== Segment start ==

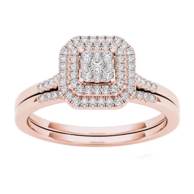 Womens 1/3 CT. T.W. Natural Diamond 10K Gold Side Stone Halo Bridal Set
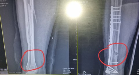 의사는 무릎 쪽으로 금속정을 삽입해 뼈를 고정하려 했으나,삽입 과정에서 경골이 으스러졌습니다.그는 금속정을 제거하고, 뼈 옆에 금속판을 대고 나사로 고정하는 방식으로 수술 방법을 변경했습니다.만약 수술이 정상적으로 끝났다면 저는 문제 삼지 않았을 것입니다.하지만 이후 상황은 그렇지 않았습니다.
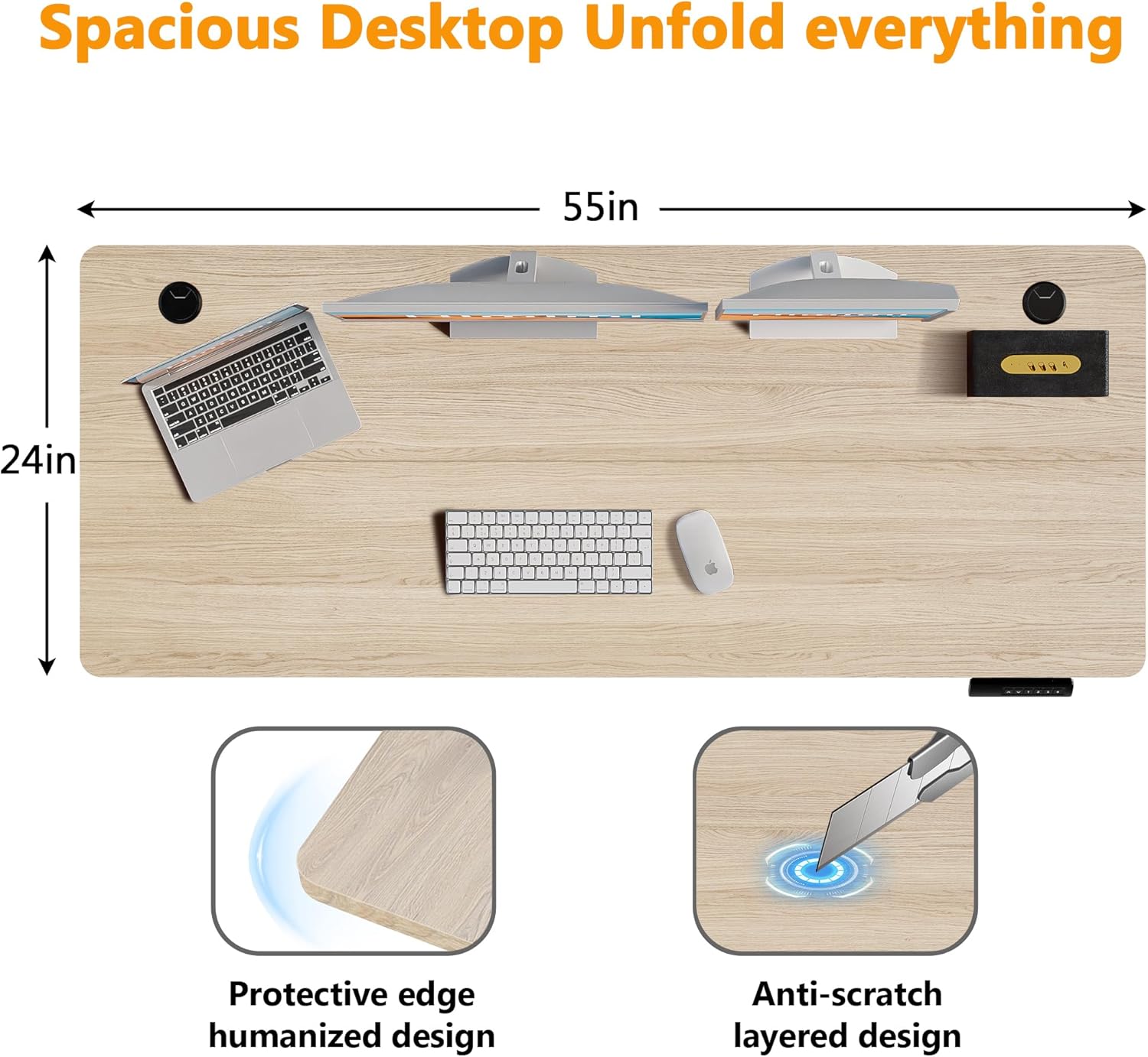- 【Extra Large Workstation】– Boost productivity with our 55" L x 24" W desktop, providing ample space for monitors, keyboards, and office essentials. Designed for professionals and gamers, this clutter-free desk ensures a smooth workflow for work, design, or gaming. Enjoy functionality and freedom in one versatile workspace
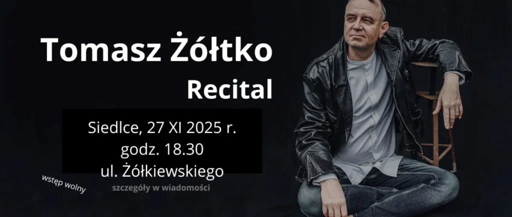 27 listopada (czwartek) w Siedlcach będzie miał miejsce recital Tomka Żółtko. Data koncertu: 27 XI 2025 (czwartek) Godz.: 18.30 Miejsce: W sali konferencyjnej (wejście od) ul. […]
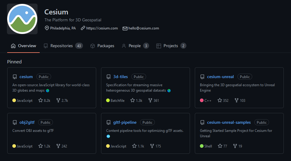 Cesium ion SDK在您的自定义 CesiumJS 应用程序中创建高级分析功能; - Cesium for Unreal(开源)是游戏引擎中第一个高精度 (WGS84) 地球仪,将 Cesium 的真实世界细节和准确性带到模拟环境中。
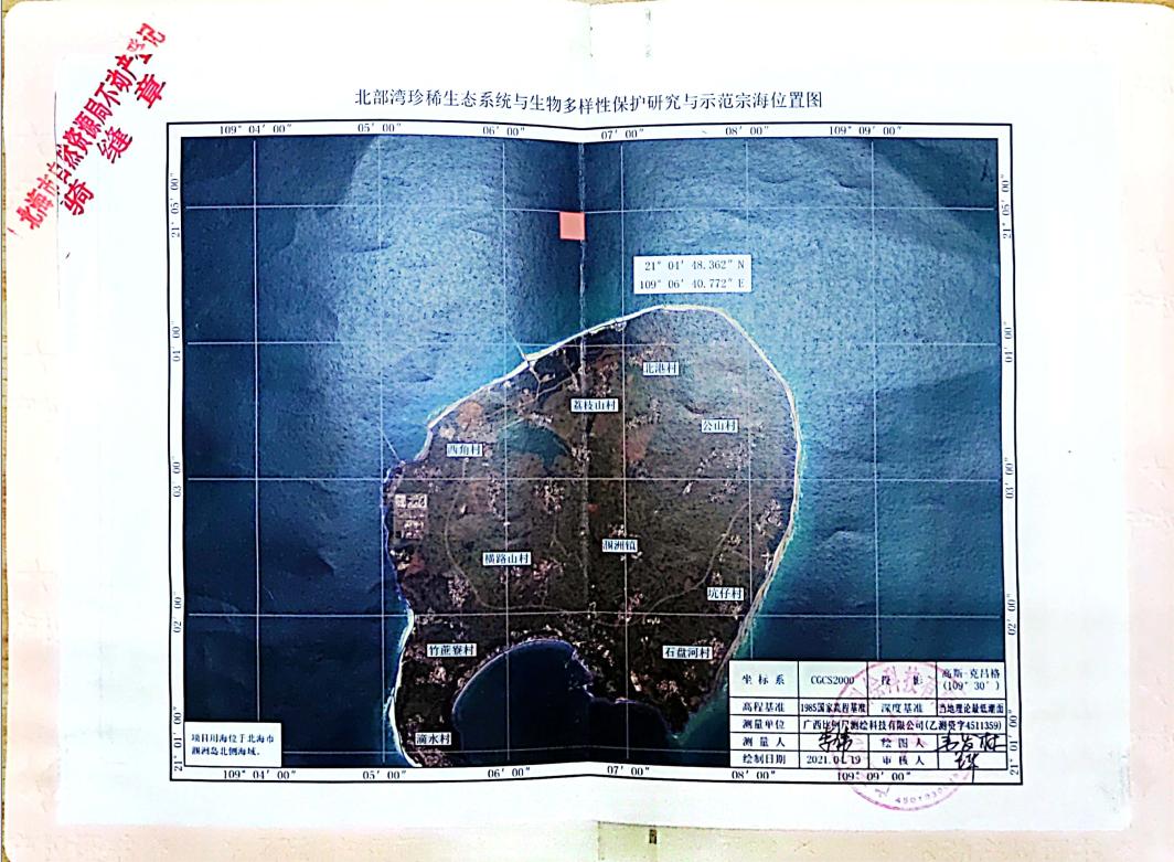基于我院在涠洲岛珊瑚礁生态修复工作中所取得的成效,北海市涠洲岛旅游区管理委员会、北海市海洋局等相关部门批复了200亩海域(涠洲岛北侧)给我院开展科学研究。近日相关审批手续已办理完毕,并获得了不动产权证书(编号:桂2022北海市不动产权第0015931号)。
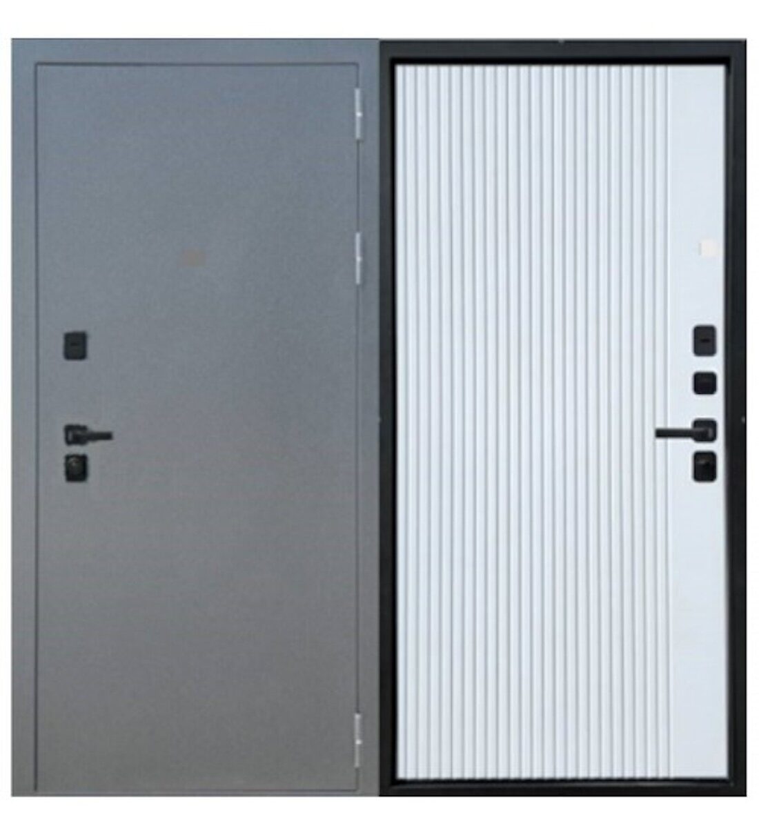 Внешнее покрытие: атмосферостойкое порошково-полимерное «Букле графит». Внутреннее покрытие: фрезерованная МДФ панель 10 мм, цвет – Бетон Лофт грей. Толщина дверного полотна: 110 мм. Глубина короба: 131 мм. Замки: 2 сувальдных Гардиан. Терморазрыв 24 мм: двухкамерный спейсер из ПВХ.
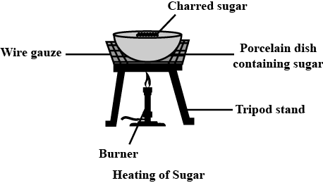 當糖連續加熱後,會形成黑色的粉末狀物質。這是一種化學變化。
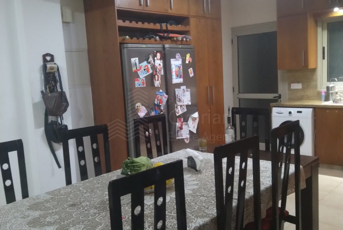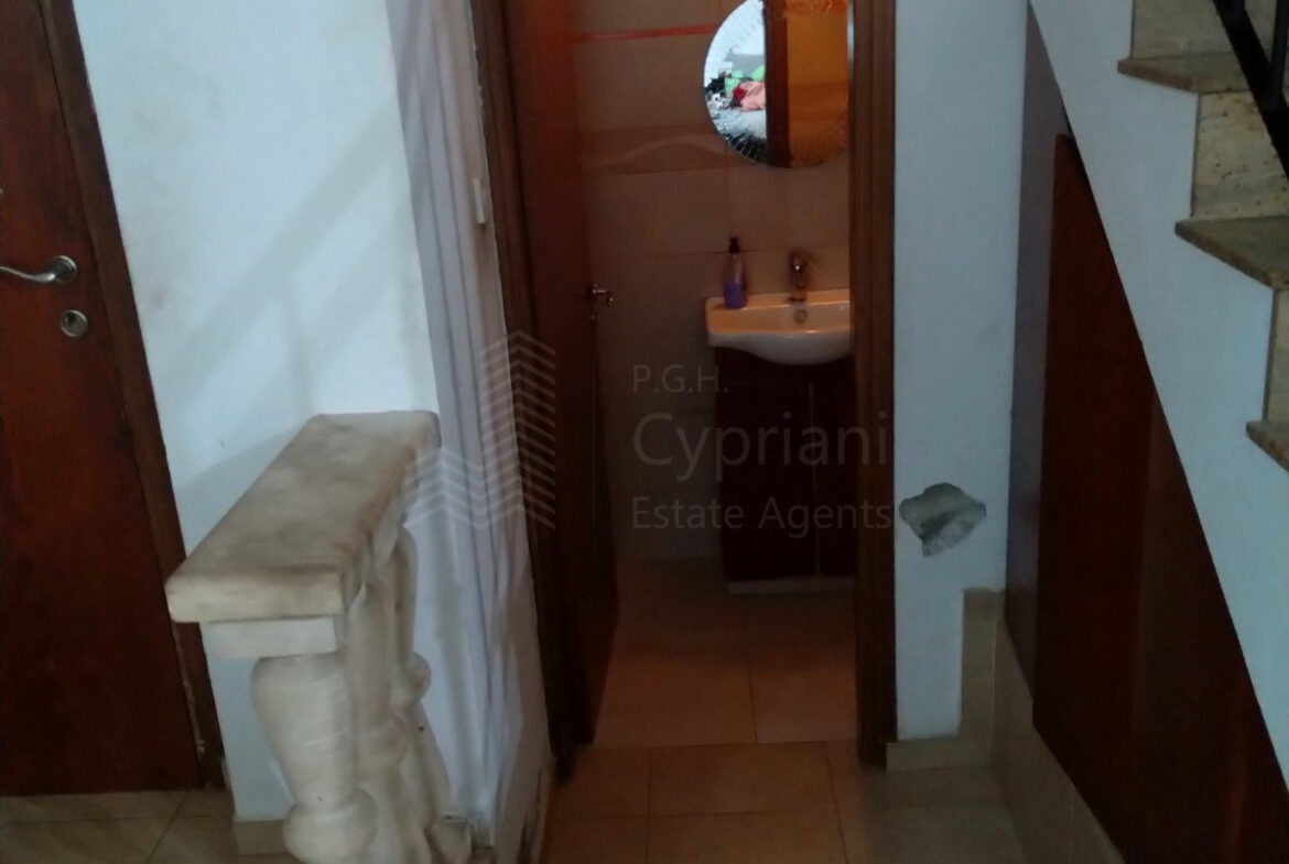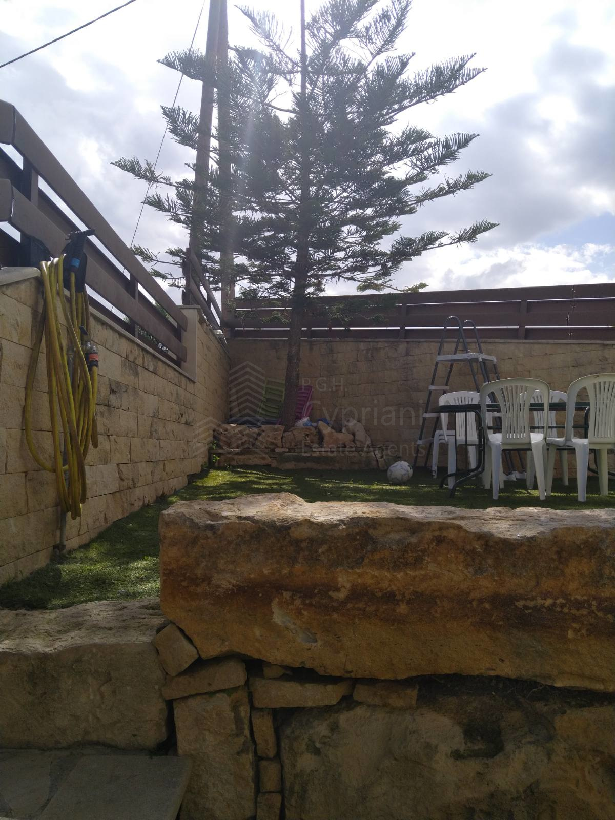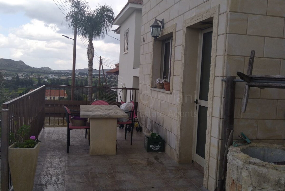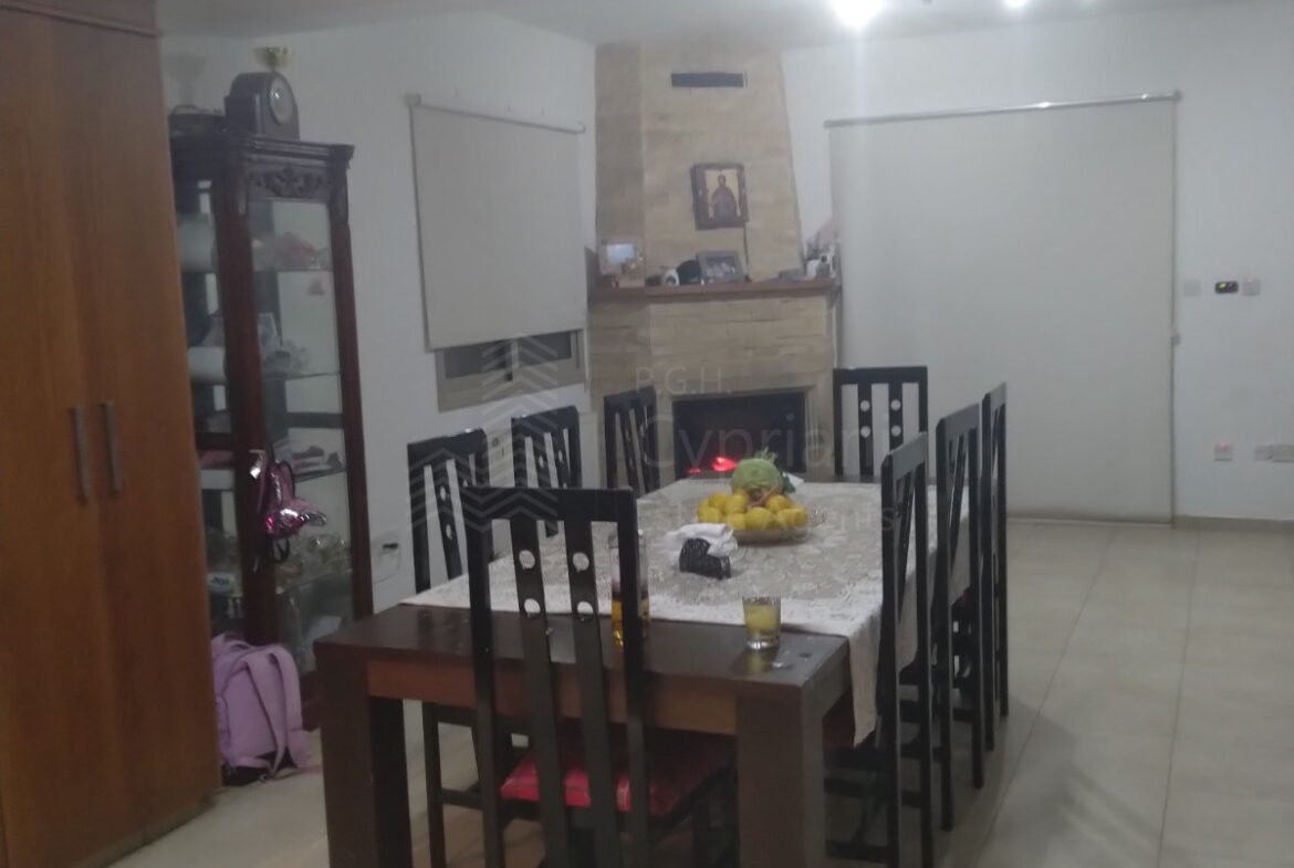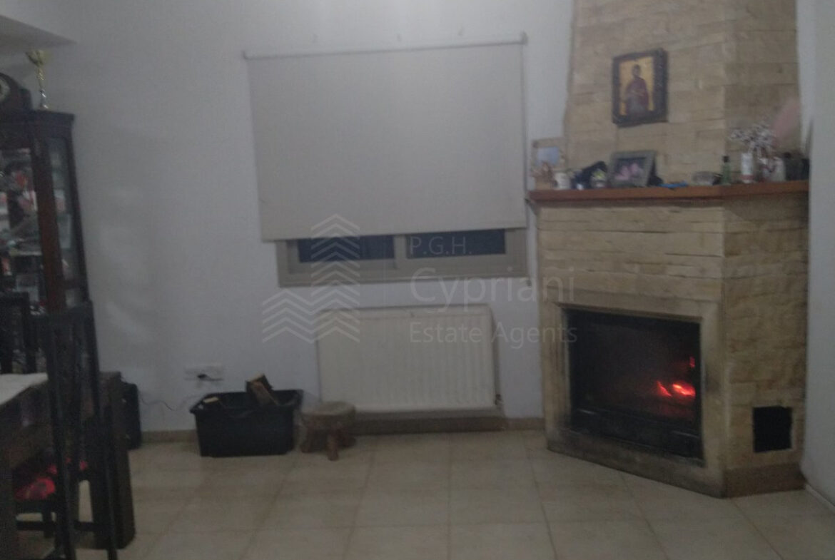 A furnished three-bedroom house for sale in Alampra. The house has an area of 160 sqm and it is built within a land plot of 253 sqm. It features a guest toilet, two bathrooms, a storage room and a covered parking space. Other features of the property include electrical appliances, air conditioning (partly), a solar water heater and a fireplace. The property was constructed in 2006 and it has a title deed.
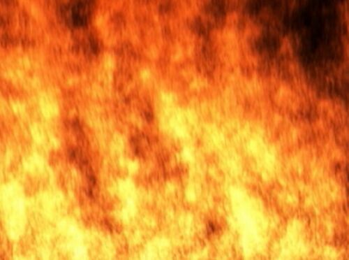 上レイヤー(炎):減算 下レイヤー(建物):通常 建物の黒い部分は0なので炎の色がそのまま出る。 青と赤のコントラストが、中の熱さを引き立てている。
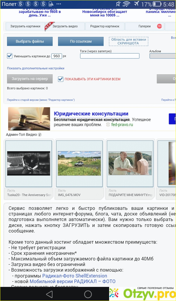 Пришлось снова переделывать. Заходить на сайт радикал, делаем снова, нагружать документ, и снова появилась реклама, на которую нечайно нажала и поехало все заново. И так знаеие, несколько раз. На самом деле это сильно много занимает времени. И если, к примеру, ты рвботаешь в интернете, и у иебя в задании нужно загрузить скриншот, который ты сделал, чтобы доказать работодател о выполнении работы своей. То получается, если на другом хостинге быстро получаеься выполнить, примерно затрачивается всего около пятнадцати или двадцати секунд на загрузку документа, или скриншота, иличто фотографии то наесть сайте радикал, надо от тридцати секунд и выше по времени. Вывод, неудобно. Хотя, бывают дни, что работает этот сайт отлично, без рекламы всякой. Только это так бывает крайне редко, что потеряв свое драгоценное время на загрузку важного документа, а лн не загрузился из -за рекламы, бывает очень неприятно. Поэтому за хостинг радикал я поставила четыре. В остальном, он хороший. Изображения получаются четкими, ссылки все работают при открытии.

== Segment end ==

THE TASK:
In the data above, find the line with "基于我院在涠洲岛珊瑚礁生态修" and the line with "當糖連續加熱後,會形成黑色的粉末狀物質。這是一種化學變化。". Please copy exactly those two lines and every line between them, but not the pictures.

THE ANSWER:
基于我院在涠洲岛珊瑚礁生态修复工作中所取得的成效,北海市涠洲岛旅游区管理委员会、北海市海洋局等相关部门批复了200亩海域(涠洲岛北侧)给我院开展科学研究。近日相关审批手续已办理完毕,并获得了不动产权证书(编号:桂2022北海市不动产权第0015931号)。
 Внешнее покрытие: атмосферостойкое порошково-полимерное «Букле графит». Внутреннее покрытие: фрезерованная МДФ панель 10 мм, цвет – Бетон Лофт грей. Толщина дверного полотна: 110 мм. Глубина короба: 131 мм. Замки: 2 сувальдных Гардиан. Терморазрыв 24 мм: двухкамерный спейсер из ПВХ.
 當糖連續加熱後,會形成黑色的粉末狀物質。這是一種化學變化。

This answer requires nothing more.